Frame grab from a video released on October 31 shows Israeli forces carrying injured troopers to Rambam Hospital on Haifa.

Official figures have revealed that Israeli military forces engaged in ground offensives in the northern side of the Gaza Strip and southern Lebanon have suffered dramatic loss amid strong resilience by resistance fighters, and the Tel Aviv regime has recorded its worst month for military deaths this year. 

According to the figures, at least 62 soldiers have been killed since the start of October, making this the deadliest month for the Israeli army since last December when 110 soldiers were killed at the height of the genocidal war on Gaza.

It also marks a steep increase in recorded fatalities compared with recent months. Just nine deaths were recorded by the Israeli military in September and 63 in total between June and August.

Moreover, the Israeli army asserts that 35 of its soldiers have been killed in southern Lebanon or on the Lebanese border since it began the ground offensive on the Arab country at the start of this month.

This is while the Lebanese Hezbollah resistance movement claims it has killed more than 90 Israeli soldiers during clashes in southern Lebanon.

At least 19 soldiers have also died this month in continuing fighting with Hamas fighters in Gaza, where the Israeli military is carrying out a campaign of ethnic cleansing and extermination against Palestinians trapped in the northern sector of the coastal territory.

The figures are based on official information published on the Israeli Ministry of Foreign Affairs website, listing a total of 780 military casualties.

It includes at least 365 soldiers listed as “fallen in combat” in Gaza, Lebanon and the occupied West Bank, as well as those killed in rocket attacks or other attacks within the occupied territories, and others who died in road accidents.

Many soldiers are identified only by their name, rank and unit, with no further detail about the circumstances of their deaths. 

New figures released this week by the Israeli military’s rehabilitation department also indicate a recent increase in the number of wounded soldiers requiring medical treatment.

On Tuesday, it said it had received 910 soldiers wounded this month in Lebanon.

Information about casualties is austerely controlled in the Israeli-occupied territories, where the media is subjected to strict military censorship.

This has raised the question that the official figures are under-reporting the real scale of losses suffered by Israeli forces in Gaza and Lebanon.

In an interview on Channel 12 on Monday, opposition leader Yair Lapid said that 890 soldiers had been killed and 11,000 injured since the surprise and large-scale operation by Gaza-based resistance groups, dubbed Operation Al-Aqsa Flood, against the Zionist entity on October 7 last year.

In its latest figures released on Tuesday, the Israeli military’s rehabilitation department updated the total number of soldiers it said had received treatment since the onset of the Gaza war to about 12,000.
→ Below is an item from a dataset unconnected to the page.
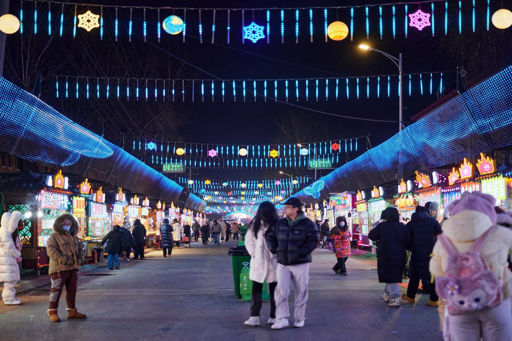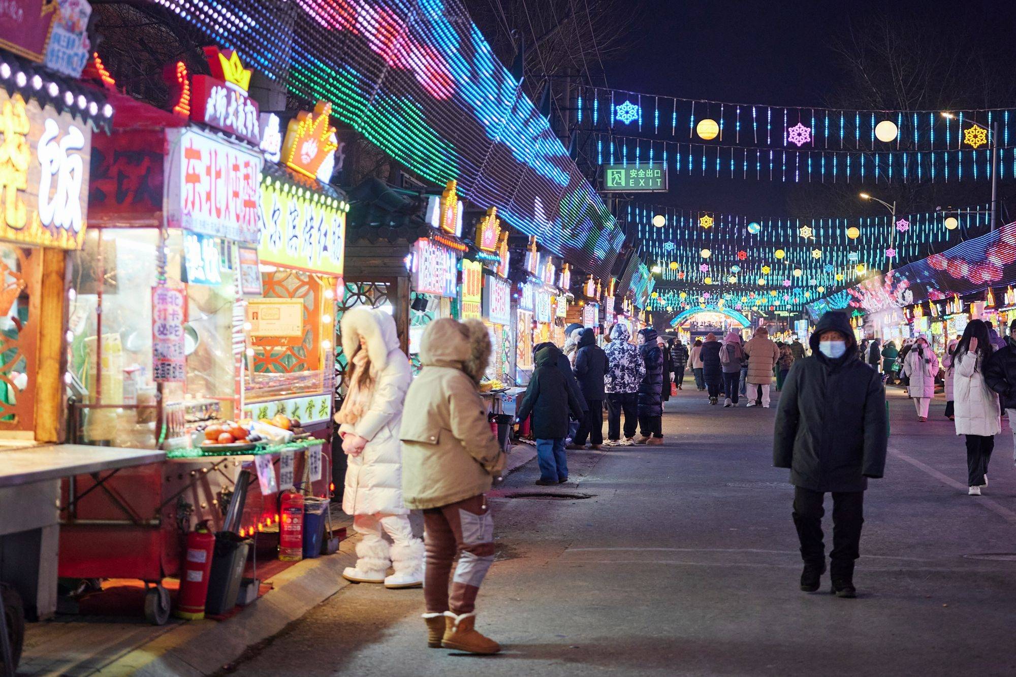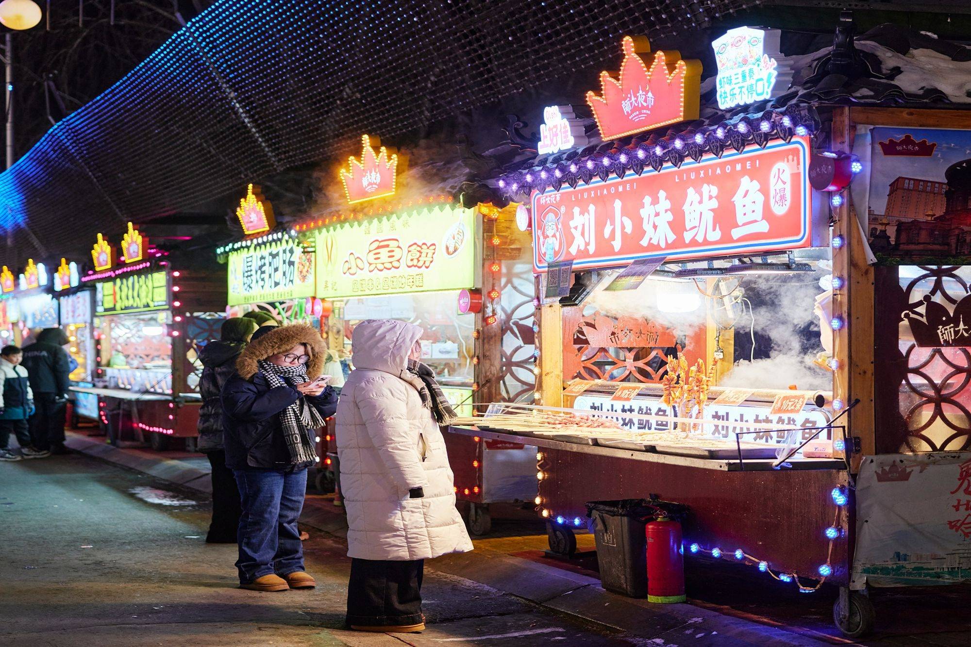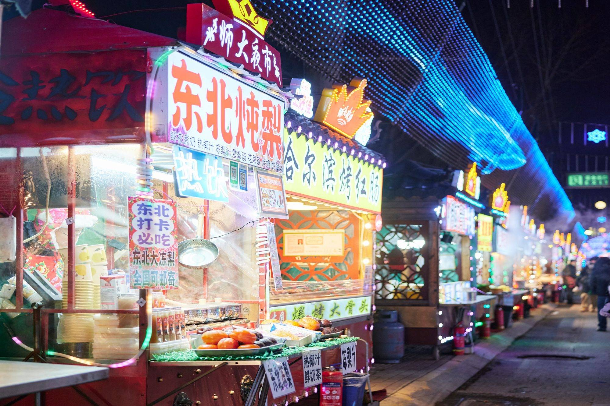 来夜市逛最重要的功课当然是“吃”。师大夜市像个露天美食博物馆,可以看到最本土化的东北特色小吃,冰冻所有——冻梨、冻桃、冻草莓,万物皆可“冰糖”——冰糖柿子、冰糖糖辣椒、冰糖豆包,还有烙饼卷一切——卷鸡蛋、卷米饭、卷韭菜……

About 14 percent of these – around 1,680 soldiers – are classified as having moderate or serious injuries. About 43 percent – 5,200 soldiers – required treatment for post-traumatic stress disorder or other psychological issues, the department said.

This comes as news reports on the funerals of Israeli troops killed in Lebanon have drawn attention to the grieving of widows and orphans, and prompted some settlers to wonder whether support for the Tel Aviv regime’s wars may be shifting.

 Israeli journalist Amos Harel asked in the Haaretz newspaper whether a rising death toll could “gradually change the public’s view of the need to continue the war”.

He added that the incumbent Israeli administration led by prime minister Benjamin Netanyahu is trying to portray the string of recent military strikes in the Gaza Strip, Iran and Lebanon as an achievement and that the war must continue on every front.

“But in reality, it's impossible to ignore the price that continuing the war for much longer would entail,” Harel underlined.